Consumer confidence is at record highs, as growing numbers of consumers believe the roaring 2020’s recovery is here to stay. And it’s also sending home price increases to record highs. But this isn't another housing bubble. Too few homes are being built rather than too many, as builders try to catch up to the decades-long housing shortage, which could take another decade.
“Consumer confidence increased in June and is currently at its highest level since the onset of the pandemic’s first surge in March 2020,” said Lynn Franco, Senior Director of Economic Indicators at The Conference Board. “Consumers’ assessment of current conditions improved again, suggesting economic growth has strengthened further in Q2. Consumers’ short-term optimism rebounded, buoyed by expectations that business conditions and their own financial prospects will continue improving in the months ahead.“
The Case-Shiller home price index increased 14.6 percent in April, as it runs a 3-month average for same-home sale prices. This is that best of all worlds with demand so high. Current interest rates are below the inflation rate, so mortgages held longer term really have zero or negative yields, which means actual inflation shows up in housing prices.

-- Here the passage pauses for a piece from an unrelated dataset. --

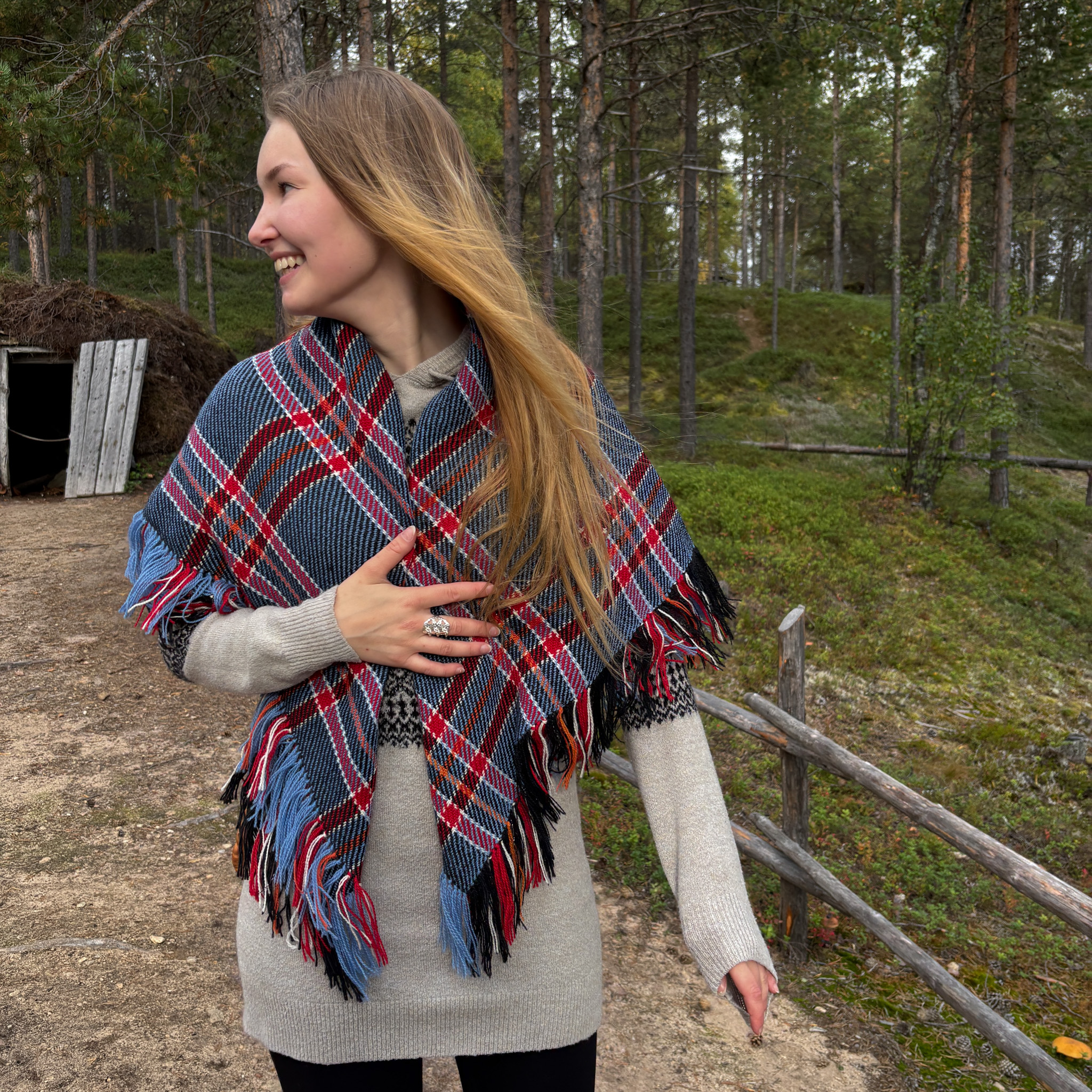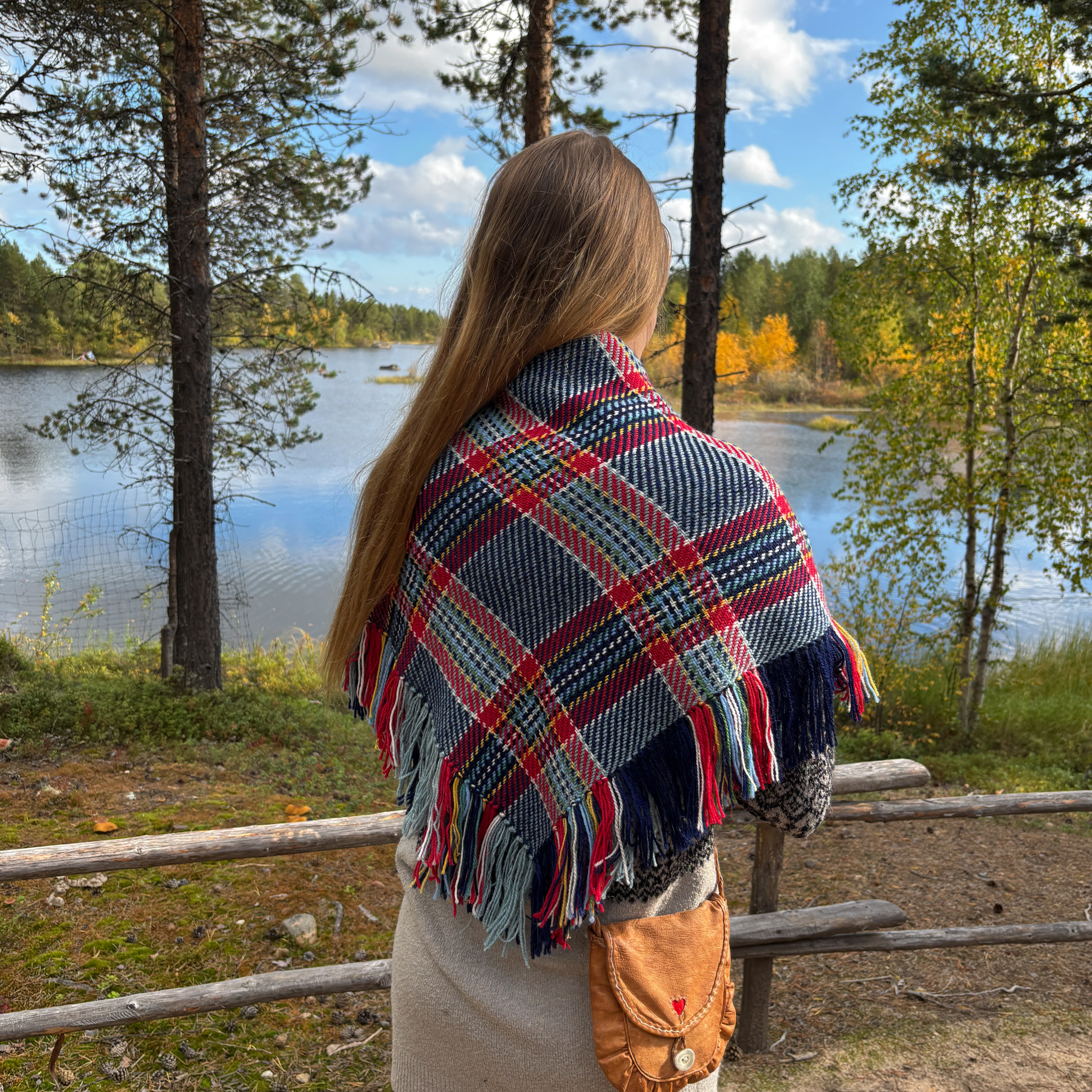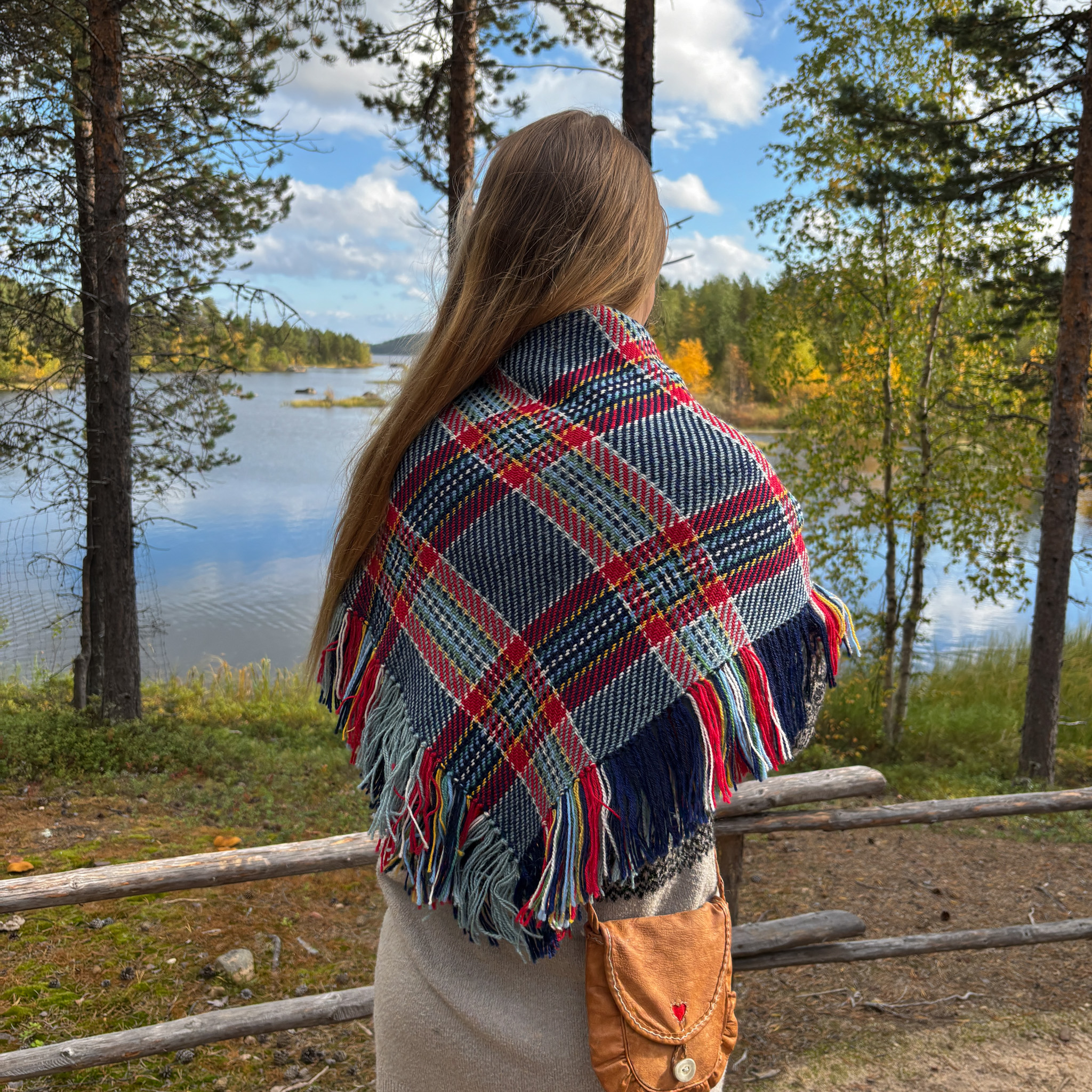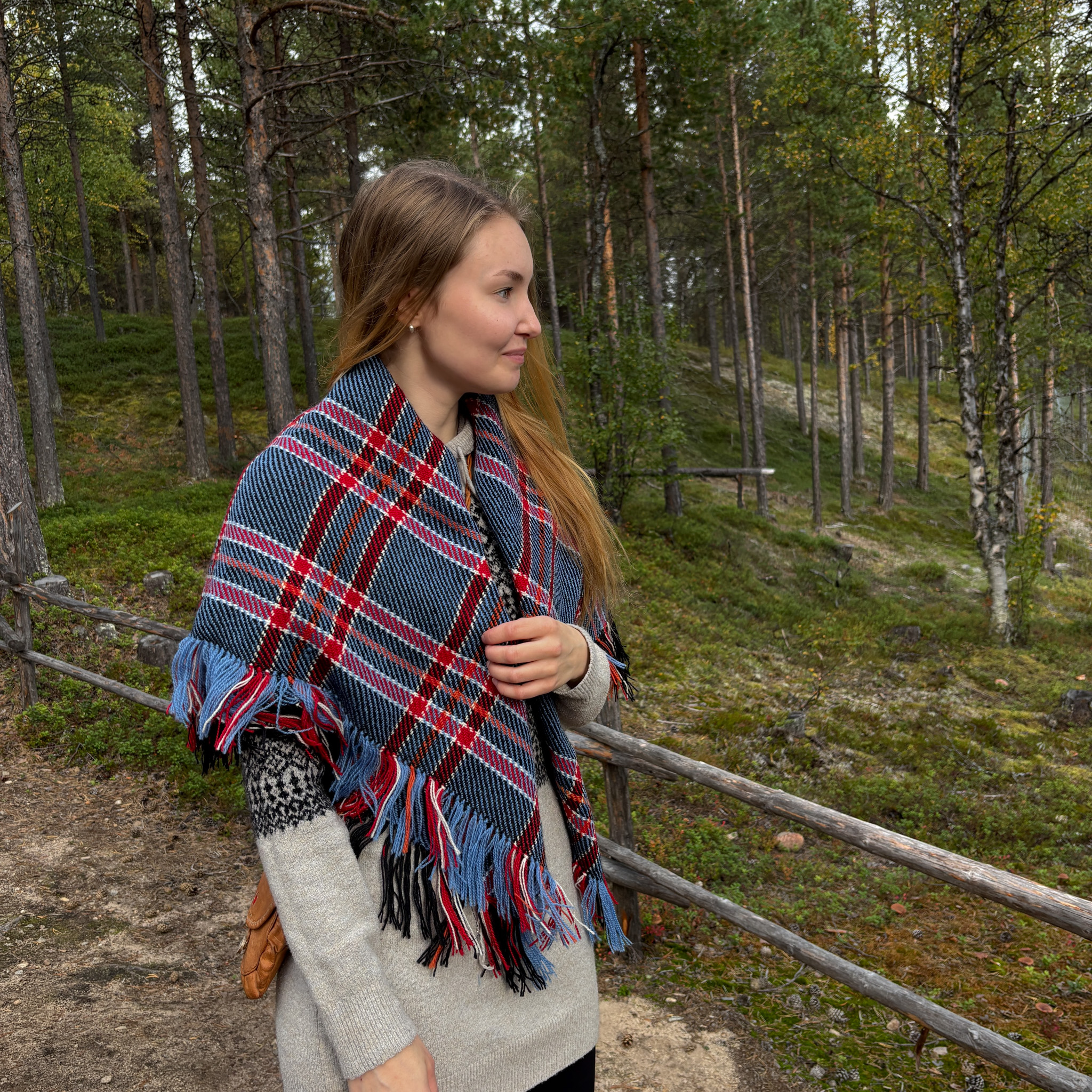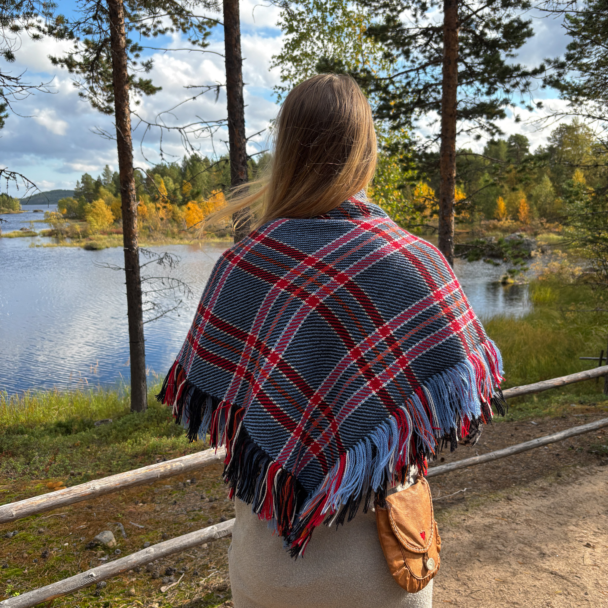 Huivin on kutonut paikallinen käsityöläinen, Ellen Haarahiltunen kotonaan, Inarissa.

“Phoenix, San Diego, and Seattle reported the highest year-over-year gains among the 20 cities in April,” said Case-Shiller. “Phoenix led the way with a 22.3% year-over-year price increase, followed by San Diego with a21.6% increase and Seattle with a 20.2% increase. All 20 cities reported higher price increases in the year ending April 2021versus the year ending March 2021.”
“In fact, the proportion of consumers planning to purchase homes, automobiles, and major appliances all rose—a sign that consumer spending will continue to support economic growth in the short-term. Vacation intentions also rose, reflecting a continued increase in spending on services,” said the Conference Board.
Consumers’ assessment of the labor market also improved. The Conference Board graph shows that jobs plentiful minus jobs hard to get blue line is soaring, with 54.4 percent of consumers said jobs are “plentiful”, up from 48.5 percent, and 10.9 percent of consumers claimed jobs are “hard to get”, down from 11.6 percent.
This is no wonder, as economists are predicting 9-10 percent GDP growth in Q2, and maybe six percent plus for all of 2021, before returning to a more normal growth pattern.
The American Rescue Plan has inserted $1.9 trillion into the U.S. economy, and Repubs and Democrats have agreed on an additional $1 trillion for infrastructure and other much needed physical improvements that will create more high-paying jobs.
So why shouldn’t consumers be this optimistic for awhile?